The stone Brolio Castle with a pentagonal plan became a noble residence after the baron Bettino Ricasoli commissioned architect Marchetti to redesign the castle in the style of the Gothic Revival (inspired by British precedents) in 1835. The Brolio Garden has a sixteenth century renaissance section with box parterres and a nineteenth century romantic/gardenesque section, laid out by the botanical enthusiast.
The Brolio Castle, Garden and estate are famous for producing the Ricasoli Chianti wine - the Longobard term "brolo", referres to an orchard or enclosed garden.

Villa Cetinale in Sovicille | Architect Carlo Fontana, disciple of Gian Lorenzo Bernini, built the impressive Villa Cetinale between 1676 and 1678 by order of Cardinal Flavio Chigi, who wanted to celebrate the ascension of Fabio Chigi to the papal throne with the name of Alexander VII.
The magnificent villa, which the Chigi family always used only as a private residence and not as a place where to entertain guests, is a great example of baroque architecture. Architect Fontana may have designed also the garden spreading out behind the building, which was once decorated with plenty of plays of water, fountains and false ruins.

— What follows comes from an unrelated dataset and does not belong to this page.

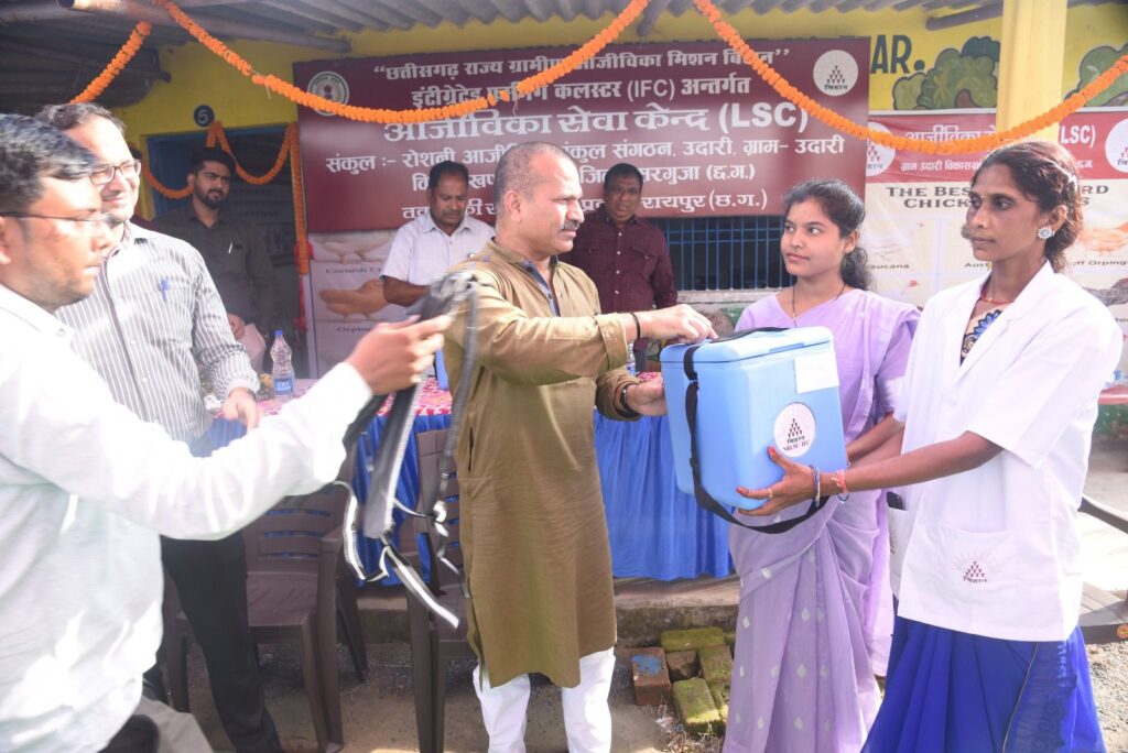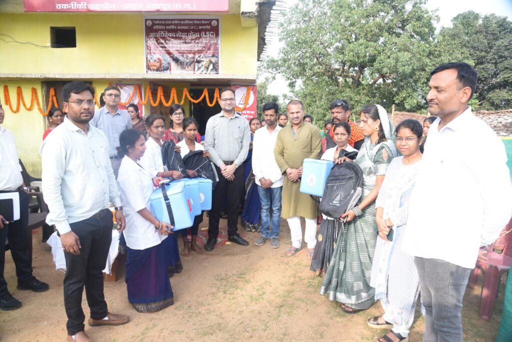 इस अवसर पर कलेक्टर श्री विलास भोसकर एवं जिला पंचायत सीईओ श्री विनय कुमार अग्रवाल, सरपंच , उपसरपंच एवं बड़ी संख्या स्व सहायता समूह की महिलाएं उपस्थित थीं। उन्होंने सामुहिक रुप से फीता काटकर आजीविका सेवा केंद्र का उद्घाटन किया। साथ ही स्व सहायता समूह की दीदियों को पशु सखी किट प्रदान एवं मत्स्य बीज का वितरण किया गया।
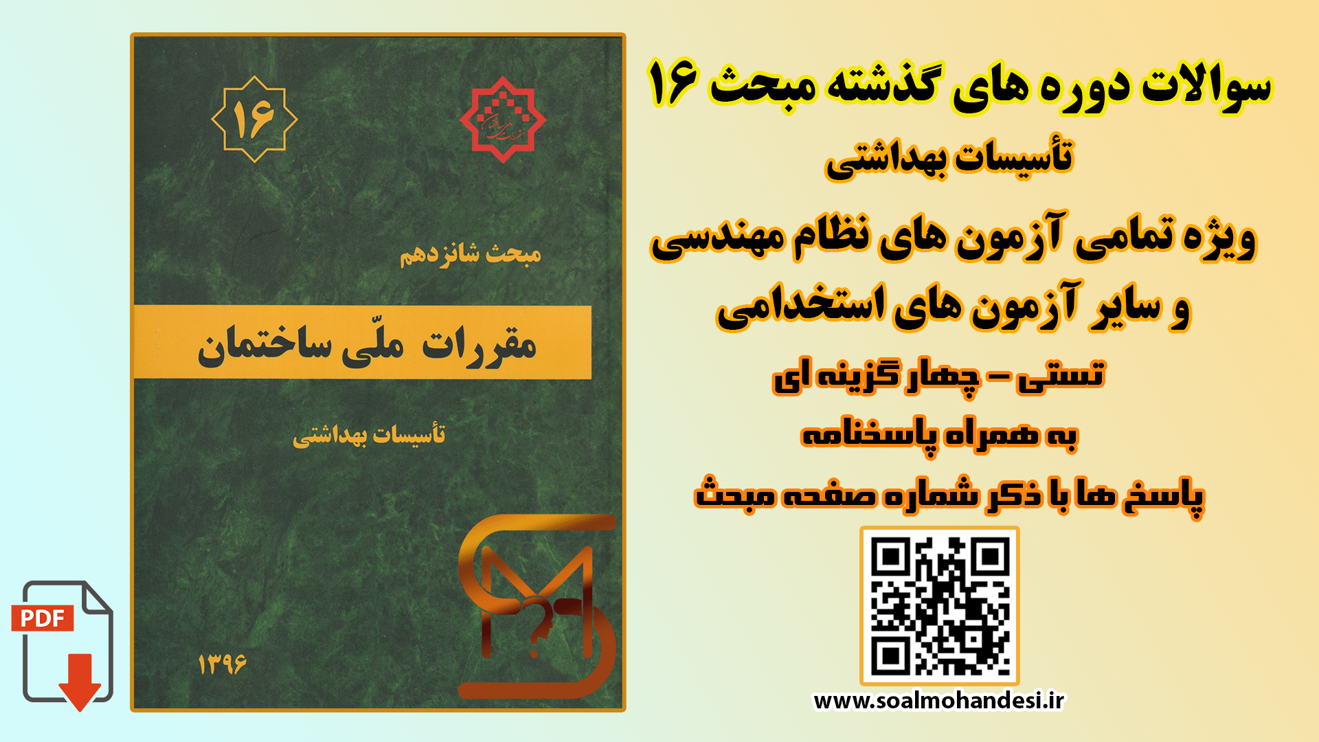 مجموعه سوالات دوره های گذشته مبحث 16 مقررات ملی ساختمان – ویرایش 1396✔️ به همراه پاسخنامه 🔑 آزمون نظام مهندسی می باشد.

In 1687 Giuseppe Mazzuoli sculptured the enormous statue representing Hercules situated in the lower part of the garden.
The so-called "parco della Tebaide" (Thebaid park) was realised between 1698 and 1705. The word Thebaid was used to indicated the Egyptian desert, where the 3rd-century hermits led an ascetic existence. It is rumoured that Flavio Chigi ordered this part of the wood surrounding Villa Cetinale be decorated with statues representing saints and hermits and commissioned the construction of the chapel dedicated to Our Lady of Sorrows as a means to atone for his sins, especially the murder of a love rival.
Two hundred steps - the so-called "Scala Santa" (Saint Staircase) - lead to the "Romitorio", a building added in 1716, where twelve friars live for a long time.